Then maybe optionally “follow” other people’s favorites as part of your own results. Imagine someone crawling Twitter or SoF and you just “follow” their index and it gets merged with your results and disable/enable them for specific searches.

I’ve been thinking about it a lot lately because I often am trying to remember something that helped me or I wanted to remember. But I can’t find it in my FF history. And Bookmarks feel too clunky.


In the end there is no perfect solution because the whole thing is gamed too much. Eventually spam sites will start paying popular users to like their spam page.


This attitude is too defeatist, and I'm not convinced. The OP's suggestion was that people would choose which other "favorite lists" or "indexes" they follow, this implies these are public. Who's going to follow someone who puts a StackOverflow clone filled with ads on their list? And if they do, and it shows in my results, I should be able to discover that someone I'm "following" has been compromised, and I'll unfollow them.

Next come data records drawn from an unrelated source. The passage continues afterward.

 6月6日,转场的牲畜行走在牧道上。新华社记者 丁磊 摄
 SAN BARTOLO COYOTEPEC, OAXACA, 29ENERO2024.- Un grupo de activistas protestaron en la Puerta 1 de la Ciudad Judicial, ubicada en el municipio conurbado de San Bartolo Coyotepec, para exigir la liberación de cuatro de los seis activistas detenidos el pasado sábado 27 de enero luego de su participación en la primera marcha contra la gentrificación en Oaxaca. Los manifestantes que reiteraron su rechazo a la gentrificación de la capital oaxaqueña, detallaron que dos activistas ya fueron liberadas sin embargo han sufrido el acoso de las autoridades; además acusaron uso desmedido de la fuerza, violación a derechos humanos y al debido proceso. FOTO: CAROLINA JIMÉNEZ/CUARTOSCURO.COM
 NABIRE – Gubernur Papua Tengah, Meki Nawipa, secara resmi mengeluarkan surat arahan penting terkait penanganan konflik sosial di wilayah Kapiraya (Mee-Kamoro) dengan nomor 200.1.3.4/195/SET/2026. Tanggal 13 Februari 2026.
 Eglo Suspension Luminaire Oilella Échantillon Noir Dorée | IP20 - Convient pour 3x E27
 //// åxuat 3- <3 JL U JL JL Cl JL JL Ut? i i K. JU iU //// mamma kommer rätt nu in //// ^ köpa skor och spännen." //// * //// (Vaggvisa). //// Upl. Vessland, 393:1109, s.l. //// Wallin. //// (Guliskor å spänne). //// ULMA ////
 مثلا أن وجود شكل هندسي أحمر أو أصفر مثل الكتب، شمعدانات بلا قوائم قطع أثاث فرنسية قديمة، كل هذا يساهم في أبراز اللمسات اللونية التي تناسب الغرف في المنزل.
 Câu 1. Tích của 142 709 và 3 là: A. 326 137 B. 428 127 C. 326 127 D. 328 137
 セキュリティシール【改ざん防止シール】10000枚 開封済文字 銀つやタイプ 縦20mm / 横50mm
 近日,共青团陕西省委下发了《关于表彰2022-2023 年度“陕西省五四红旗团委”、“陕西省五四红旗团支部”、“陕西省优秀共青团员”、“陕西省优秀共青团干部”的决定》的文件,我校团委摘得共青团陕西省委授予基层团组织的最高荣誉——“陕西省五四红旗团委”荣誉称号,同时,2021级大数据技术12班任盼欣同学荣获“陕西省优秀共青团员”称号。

This would have been said a million times for social media and yet most large personalities are filled with paid sponsorships and no one really cares.


Are large personalities not “unique”, and followed for the uniqueness of their character?

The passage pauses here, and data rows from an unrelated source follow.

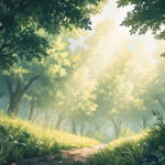 森 森林 山 山奥 道 木 樹木 けもの道 登山道 広葉樹 木漏れ日 緑 イラスト 手書き風 自然 背景
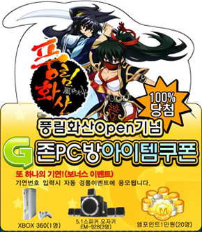 엠게임은 초환상무림기 ‘풍림화산’에서 본격적으로 전국 PC방 마케팅에 적극적으로 나선다고 4일 밝혔다. ‘풍림화산’은 엠게임 G존 PC방 쿠폰 제공은 물론 기존 경험치 120%, 획득 게임 머니 130%, 체력 회복 2배, PC방 전용 협행 등 PC방 혜택을 대폭 보강한다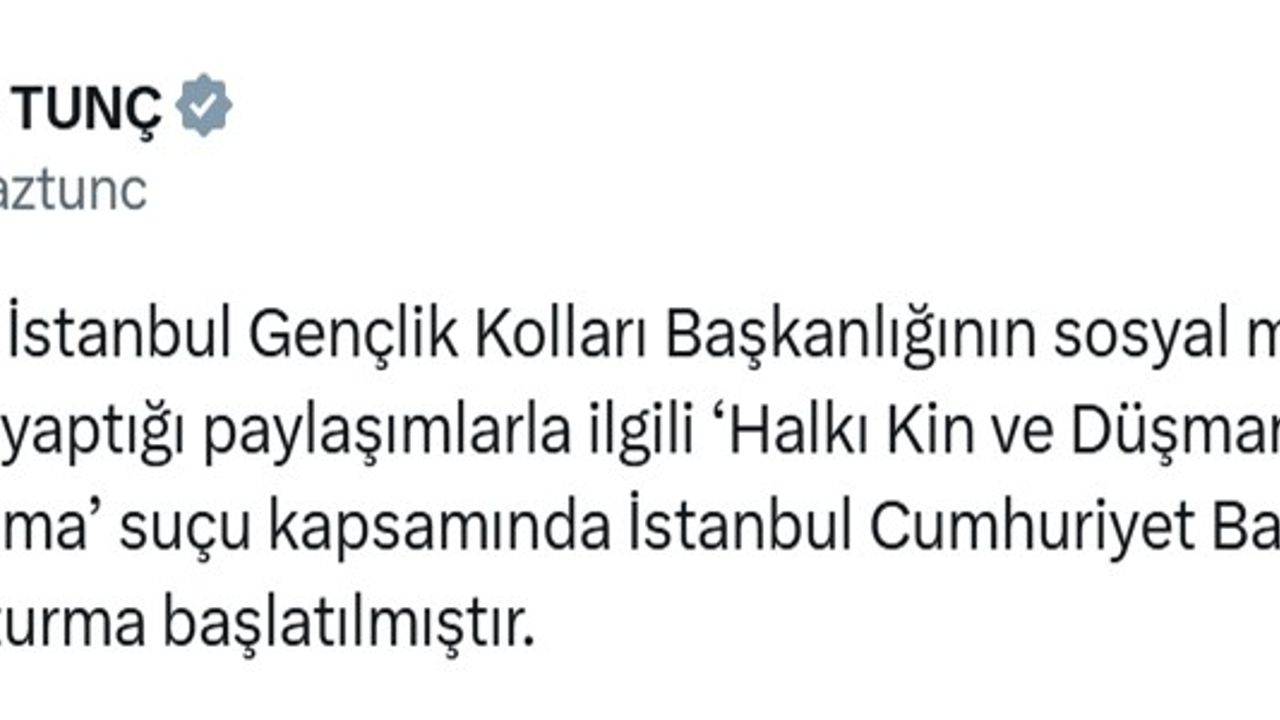 Adalet Bakanı Yılmaz Tunç, Zafer Partisi İstanbul Gençlik Kolları Başkanlığı’na sosyal medyada ‘Halkı Kin ve Düşmanlığa Tahrik veya Aşağılama’ suçu kapsamında soruşturma açıldığını duyurdu.

Where as the “moderator of a filter” is followed on the basis of their output, the filter itself.

I don’t disagree with your statement, but I don’t find it a compelling counterargument to the suggested solution.


try bookmark service like pinboard.in they have a search engine when you can search by keyword ...


Google tried that with their plus button, but it went away along with Google Plus.


I really don't like these websites and I smash that back button as soon as I realize I've landed on one.

That said I'm amazed they are still showing up at the top of google search. My understanding was that that kind of behavior (which I think at least some other people do too) combined with the fact that they are just copying another much higher page ranked website would mean that they are highly unlikely to rank above the relevant stack overflow article that they are duping. So what is happening here?


Reminds me of going to Google Images, and getting sent to Pinterest... which is not where the image is sourced out of.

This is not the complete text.